# Cobblestone Mesh Pavers



## sweetea (Aug 22, 2011)

Hello!! I am looking for a company that sells Cobblestone Mesh Pavers. The research I have done online shows that they may be imported from China, but I wanted to know if anyone knows of any US based companies that might sell them. We are hoping to create a patio in the front yard and would really like to use the mesh pavers rather than individual. I am located in Northern California so suppliers in this area would be great. I have also seen them called cobblestone paver mats. Any information that is provided would be extremely helpful and appreciated. Thanks!!


----------



## concretemasonry (Oct 10, 2006)

The term "Cobblestone Mesh" does not provide much of a clue as to what you need.

The traditional pavers are available everywhere and the cost of shipping a paver from China could be ridiculous, although they do make the same products there as are made here using the same technology and are the same price before the freight and handling.

It sounds like a low tech temporary landscaping material that is only found on the internet.

Dick


----------



## sweetea (Aug 22, 2011)

*concretemasonry*

Thanks concretemasonry for letting me know more info is needed...I actually saw them used on a Yard Crasher Episode that aired on July 19th @ about 1pm or 1:30pm PST. It looked as though several individual pavers were put together on sheet to save time from installing the pavers individually. On the show they were called cobblestone paver pads, cobblestone paver mats. Was hoping there was a local supplier I could find in CA. I appreciate your time. Thanks so much!!


----------



## Thadius856 (Jun 2, 2011)

It sounds to me like you're describing soemthing that's not quite the traditional concrete paver.

I've seen several products for sale which are made of a recycled rubber cast into the shape of an assembled paver set, typically in the range of 16" x 16".

Like these?


----------



## concretemasonry (Oct 10, 2006)

Setting the pavers is not the slow part of the job. For a contractor, it will take 1 to 3 people to supply the pavers to a single man laying them.

The major items in a paver job are the base compacting and leveling and the logistics of getting the pavers near to where they will be installed.

If it is a very small DIY job, one person can do it with a wheelbarrow, a shovel and a rented compactor.

Products on a DIY show are only there because they offered them free and paid to get them used. - Did you ever notice the close-up of the tools where the brand name was always noticeable?

Dick


----------



## smithfly114 (Sep 24, 2008)

I know exactly what you are talking about.
We used them for our backyard patio.
I don't know where you are in Nor Cal, but I am there too and we bought our supplies from SBI Building Materials.
Contact them and see if they have what you are looking for.


----------



## DIYMissy (Aug 26, 2011)

*Cobblestone Mesh Paver*

I found the link to the product listed on DIY Network. I saw the same show and think it would be a great time saving product. Let me know if you use it and your satisfaction with the product. Good Luck!

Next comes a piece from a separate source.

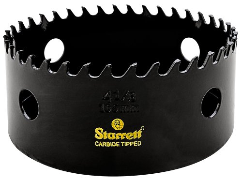 Starrett CT418 Steel High Performance Triple Chip Tungsten Carbide Tipped Hole Saw, Carbide Teeth, 4-1/8" Diameter, 1-5/8" Cutting Depth, 5/8"-18 Thread, Black

http://cobblesystems.com/local-dealers/


----------



## Hillhoney (Aug 7, 2012)

Awesome! I came here looking for info on where to buy these cobblestone mats in Connecticut. I saw the same episode of Yard Crashers and thought it looked like a fantastic idea! I just hope they aren't insanely expensive!


----------



## geterdonejim (Apr 5, 2015)

Hey Sweetea,
Did you ever find the mesh pavers you were looking for? I saw the ones on Allibaba and was wondering what it would cost to buy them from China as well. Only saw one US mfg. Maybe they buy them from China.

If you have any pics of your project would like to see how it turned out. Looking to do an apron for my driveway.


----------